Подошла высокая белая женщина. До этого она все искала в трупах знакомое лицо. Не без борьбы гадалка заполучила руку. В окостеневшие пальцы легла теплая баранка.
— Из богатой гильдии духовный отец. В Рассказове принадлежали ему чулочные фабрики, обувал и одевал Тамбовскую губернию. Не врет, потерял заводики, да вот из души их не вынул. Слезы льет, сокрушается, что перепали станки с бобинами большевикам. Хоть сорочку и напялил, помнит, что сорочка на его личной фабрике пошита. Гордыней обуреваем. Думает, что ему за страдания больше всех воздастся. А потом умножится на два пальца. Со всех сторон этот человек себе духовной выгоды наобещал, вот и не боится нас. Не страшно ему умереть, потому что попадет сразу в небесную бухгалтерию, где, загибая пальцы, ангелам все свои добрые дела перечислит. По гроссбуху он самый честный праведник выходит, если же ковырнуть — позолота и отвалится.
Заинтригованный Тырышка колупнул старовера ногтем. Крепкий черный ноготь, похожий на маленький ятаганчик, оставил на руке кровоточащий след. Он пососал кривой ноготь, смакуя соскобленный пот и сало.

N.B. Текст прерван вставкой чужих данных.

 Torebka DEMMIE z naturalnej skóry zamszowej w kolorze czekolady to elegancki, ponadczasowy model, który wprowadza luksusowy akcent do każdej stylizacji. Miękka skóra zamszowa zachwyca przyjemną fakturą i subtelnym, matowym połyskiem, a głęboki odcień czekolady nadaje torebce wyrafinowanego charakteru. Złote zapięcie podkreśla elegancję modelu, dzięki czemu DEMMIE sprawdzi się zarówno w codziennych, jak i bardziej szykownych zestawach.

— Так-так... Я хоть и кулак по крови, но не такой жадина. Позвольте продемонстрировать!
Это Кикин остался в одних портках. Его одежда упала на траву. Он раздвинул руки в стороны и стал похож на покосивший крест: одна нога ведь была короче другой. Мужичка тут же облепила стая гнуса. Через минуту Кикин покрылся пищащим подвижным ворсом.

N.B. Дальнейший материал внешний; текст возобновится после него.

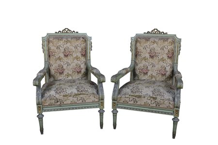 Lot 267 COPPIA POLTRONE in legno laccato verde e dorato, tappezzate con stoffa decorata a motivi floreali, usure del tempo Sicilia primi 900 h cm 103 x 67 x 64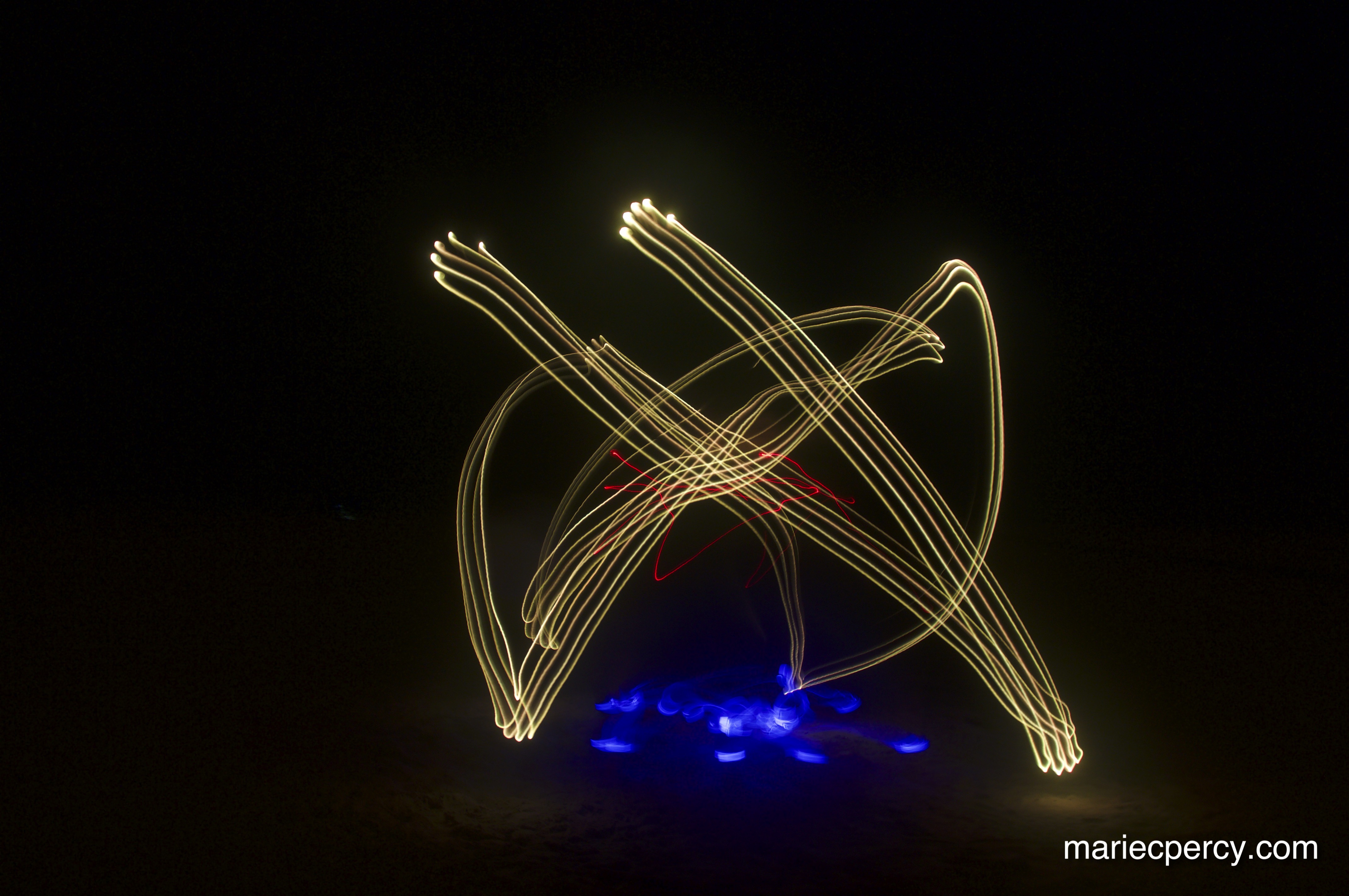 The Diagonal scale shot with the dancer facing the camera. The yellow lines track the right fingers, the red line tracks the chest movement, and the blue tracks the feet.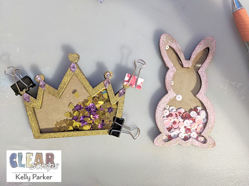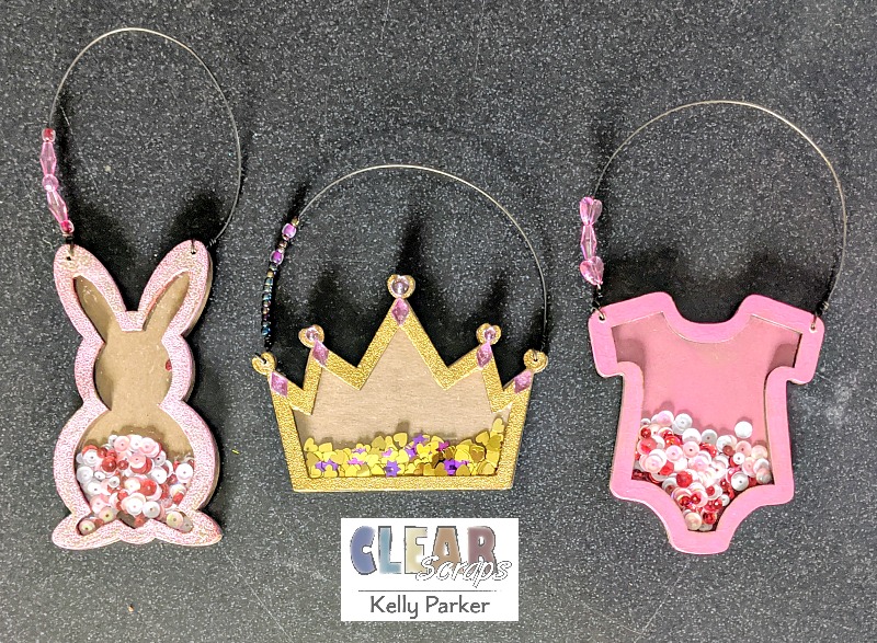 A bit about the process, the front piece was embossed on the crown with gold embossing powder, and the bunny was embossed with first raspberry then gold embossing powder. I thought that it was too much on the bunny so I painted over it with some light pink acrylic paint and wiped it back. I then drilled holes in the tops of each shaker and added a wire hanger with matching beads. The onesie was painted with pink paint.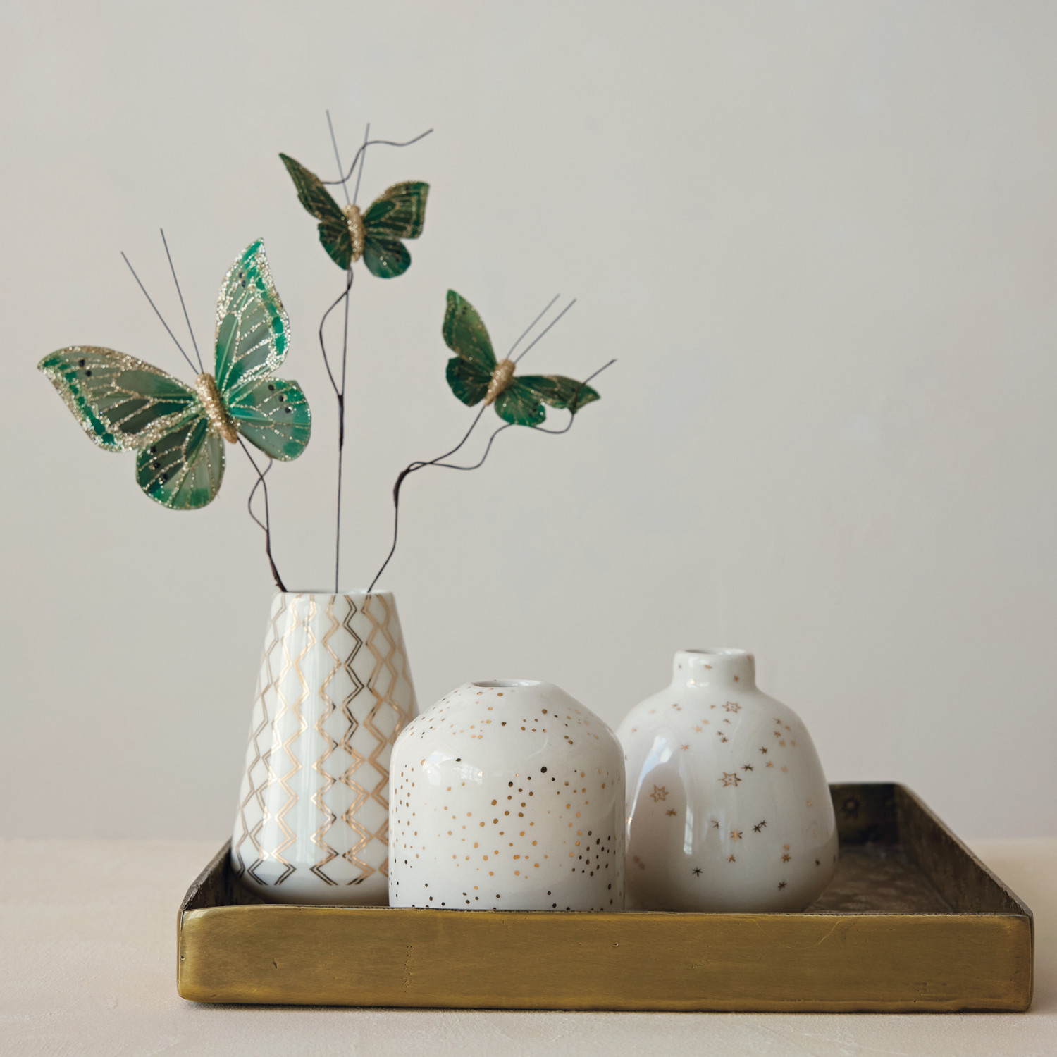 Stoneware Vase with Gold Electroplated Design, White, 3 Styles

— Бодрит комарик! Кушайте, деточки, меня! Я вам папочкой буду! Пейте меня без остатка! Вот наша народная вера — комаров даром кормить! Ах, бодрит комарик!
Самопожертвование Кикина никого особо не удивило. Он так и остался стоять кривеньким комариным папой.
— Что — кончите? — спросил Гервасий. — Грешен, признаю. В каждом слове грешен. Дайте принять мученический венец. Посмотрю в лицо смерти. Один только Он меня и рассудит.
— Ну да, ну да...
Тырышка приблизил хищное лицо к Елисею Силычу. Тот не поморщился и не отвел взгляда. Черно пахла повязка, закрывающая выбитый глаз. Тырышка взял суконную заплатку двумя пальцами и отодвинул в сторону. Оттуда вперился в Елисея Силыча слепой зрачок. Бельмо зашевелилось, распалось на несколько мелких зрачков, ползающих по глазнице. На старовера смотрели белесые черви, копошащиеся в глазном мясе. Черви, учуяв тепло, потянулись к Елисею Силычу слепыми мордочками. Опарыши осторожно трогали воздух чуть желтоватыми кончиками — точно червивый зрачок Тырышки желал приласкать человека. Тот отпрянул, но атаман намертво схватил старообрядца.
— Темный мы народ, а в вере понимаем. Может, потому и сведущи, что темный? Как, думаешь, мне жить удается, если черви глаз выели? Что об этом твоя книга говорит?
— Сатана! Сгинь, сгинь!
— Ну какой я сатана? А жив я потому, что вера наша лесная крепче твоей будет. Тебе Кикин показал. Вот ты Бога часто вспоминаешь?
— Господи Исусе Христе, помилуй мя! — шептал Елисей Силыч.
— Ну то-то и оно. Шага ступить не можешь без нравоучений. На все у тебя притча припасена, везде Псалтырь прикладываешь. Не по-человечески говоришь, оттого Он тебя и не слышит. Ты про Бога кричишь как мальчишка на углу про пирожки. Хочешь, я тебя правильной молитве научу? Вот слушай. Кхм... Солнышко зашло, слава тебе Господи! А вот и дождик пошел. Ой как хорошо, Господи! Зимушка холодная навалилась — премного благодарны, Отче! Листики опали, ах, ангелочкам слава!.. Ты когда снежинке последний раз радовался? Поди, только с шубы бобровой ее рукавицей стряхивал? А вместе со снежинкой Бог на пол слетел. Но это, брат, лишь разминка. Молчать Богом нужно. Можешь так?